In general, the watershed can be divided into an upper high-grade metamorphic part and a lower volcano–sedimentary part with small, felsic, hypabyssal intrusions. The rock structure in the metamorphic part of the watershed is characterized by the metamorphic layering and foliation of the rather strong crystalline rocks and the volcano–sedimentary part by the sedimentary and volcanic layering [27,28].

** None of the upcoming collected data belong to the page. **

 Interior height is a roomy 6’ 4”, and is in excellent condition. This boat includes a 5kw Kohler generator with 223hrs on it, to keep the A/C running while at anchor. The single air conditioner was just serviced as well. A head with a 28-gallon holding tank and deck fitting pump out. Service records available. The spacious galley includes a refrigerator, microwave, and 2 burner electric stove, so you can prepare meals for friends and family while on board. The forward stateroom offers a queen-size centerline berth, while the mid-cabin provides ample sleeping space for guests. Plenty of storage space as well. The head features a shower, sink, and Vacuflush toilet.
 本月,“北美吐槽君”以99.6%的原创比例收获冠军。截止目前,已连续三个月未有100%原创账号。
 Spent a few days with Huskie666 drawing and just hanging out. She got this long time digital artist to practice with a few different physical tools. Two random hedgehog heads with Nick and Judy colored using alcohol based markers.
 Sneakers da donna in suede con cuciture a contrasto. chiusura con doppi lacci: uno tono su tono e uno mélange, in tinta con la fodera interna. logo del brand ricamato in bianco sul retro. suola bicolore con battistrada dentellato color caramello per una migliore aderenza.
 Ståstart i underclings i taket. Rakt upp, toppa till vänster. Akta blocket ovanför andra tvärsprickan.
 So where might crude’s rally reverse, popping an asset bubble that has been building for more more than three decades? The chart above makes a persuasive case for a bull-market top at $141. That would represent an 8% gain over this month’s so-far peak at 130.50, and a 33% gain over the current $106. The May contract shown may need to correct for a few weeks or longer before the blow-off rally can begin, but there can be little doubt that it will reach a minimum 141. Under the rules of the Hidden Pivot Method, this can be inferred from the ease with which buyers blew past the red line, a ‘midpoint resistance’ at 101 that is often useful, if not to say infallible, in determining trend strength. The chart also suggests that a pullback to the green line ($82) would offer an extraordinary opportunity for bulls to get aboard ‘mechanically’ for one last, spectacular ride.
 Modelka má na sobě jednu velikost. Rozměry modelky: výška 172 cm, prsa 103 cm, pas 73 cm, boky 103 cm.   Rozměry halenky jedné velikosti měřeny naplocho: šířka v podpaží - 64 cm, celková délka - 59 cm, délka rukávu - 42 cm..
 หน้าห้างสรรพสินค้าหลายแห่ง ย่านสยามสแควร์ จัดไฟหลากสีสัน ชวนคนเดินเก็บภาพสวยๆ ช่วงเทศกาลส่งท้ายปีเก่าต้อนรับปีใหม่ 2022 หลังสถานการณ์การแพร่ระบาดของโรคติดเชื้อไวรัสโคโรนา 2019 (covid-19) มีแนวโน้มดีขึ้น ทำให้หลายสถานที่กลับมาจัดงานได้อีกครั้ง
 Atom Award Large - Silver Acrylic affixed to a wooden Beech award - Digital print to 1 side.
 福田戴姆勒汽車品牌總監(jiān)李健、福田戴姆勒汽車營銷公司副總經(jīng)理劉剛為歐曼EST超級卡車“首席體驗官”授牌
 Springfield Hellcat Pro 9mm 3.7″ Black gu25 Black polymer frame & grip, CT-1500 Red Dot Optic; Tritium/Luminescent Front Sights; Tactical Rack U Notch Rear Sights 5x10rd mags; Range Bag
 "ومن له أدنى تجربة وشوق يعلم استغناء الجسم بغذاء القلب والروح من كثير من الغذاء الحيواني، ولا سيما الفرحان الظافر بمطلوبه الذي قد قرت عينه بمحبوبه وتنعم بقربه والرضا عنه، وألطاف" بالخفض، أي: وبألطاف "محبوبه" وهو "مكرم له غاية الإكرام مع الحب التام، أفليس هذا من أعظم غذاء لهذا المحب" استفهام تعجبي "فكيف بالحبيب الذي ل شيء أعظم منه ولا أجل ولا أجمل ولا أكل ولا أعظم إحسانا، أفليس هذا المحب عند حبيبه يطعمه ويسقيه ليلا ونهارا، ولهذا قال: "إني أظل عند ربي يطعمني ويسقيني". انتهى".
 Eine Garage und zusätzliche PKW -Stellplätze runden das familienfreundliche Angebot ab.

Regarding the resistance to weathering and erosion, the general impression is that pegmatite and aplite veins from the metamorphic complex are the most resistant, which occur in significant quantities in the sediment despite their relatively low abundance in the rock sequence. It is obviously due to their high quartz content and dense crystalline texture. Gneisses are also common followed by gneiss–schists [27]. Among the sedimentary rocks, quartz-rich sandstones exhibit the highest preservation potential.

3. Materials and Methods

The present study focuses on the analysis of the deposits in the riverbeds of the Damdere and the Duandere near the lowest check dam along the river course (Figure 1). The area is characterized by frequent occurrences of torrential phenomena, which determined its selection for the present study. According to information from the Regional Forestry Directorate in the town of Kardzhali, torrential events occur annually in this part of the catchment. Given the objective of the study—to determine the type of flows based on sediment characteristics—samples were collected from the riverbeds of the Damdere and Duandere rivers, near their confluence, and downstream of the check dam constructed immediately after their junction. Sampling of the surface layer of fluvial deposits was conducted in October 2023 and October 2024, during periods when there was no surface flow in the riverbed. Samples were collected from the Damdere River approximately 100 m upstream of the confluence of the Duandere River (site D1/2023; D1/2024); from the Duandere River about 500 m upstream of its confluence with the Damdere (site D3/2023); and immediately downstream of the confluence, before the check dam (site D0/2024). In October 2024, an additional sample was collected from riverbed deposits approximately 500 m downstream of the dam (site D2/2024). Grain size, XRD, and petrographic analyses were conducted to determine the properties of the deposits. The interpretation of the data provides information about the conditions of transport and accumulation, as well as the nature of the flows.

3.1. Grain Size Analysis

The fractions of riverbed surface sediments were separated in the Laboratory of Geochemistry at the University of Mining and Geology “St. Ivan Rilski” (Sofia) according to the Bulgarian State Standard [29]. Sieving was used for separation of the fractions > 63 µm and aerometric method for the fractions < 63 µm. Statistical parameters such as mean, standard deviation, skewness, and kurtosis were calculated using Gradistat 9.1 open software [30], based on the grain diameter values at the 5%, 16%, 50%, 84%, and 95% percentiles (φ5; φ16; φ50; φ84; φ95) [31].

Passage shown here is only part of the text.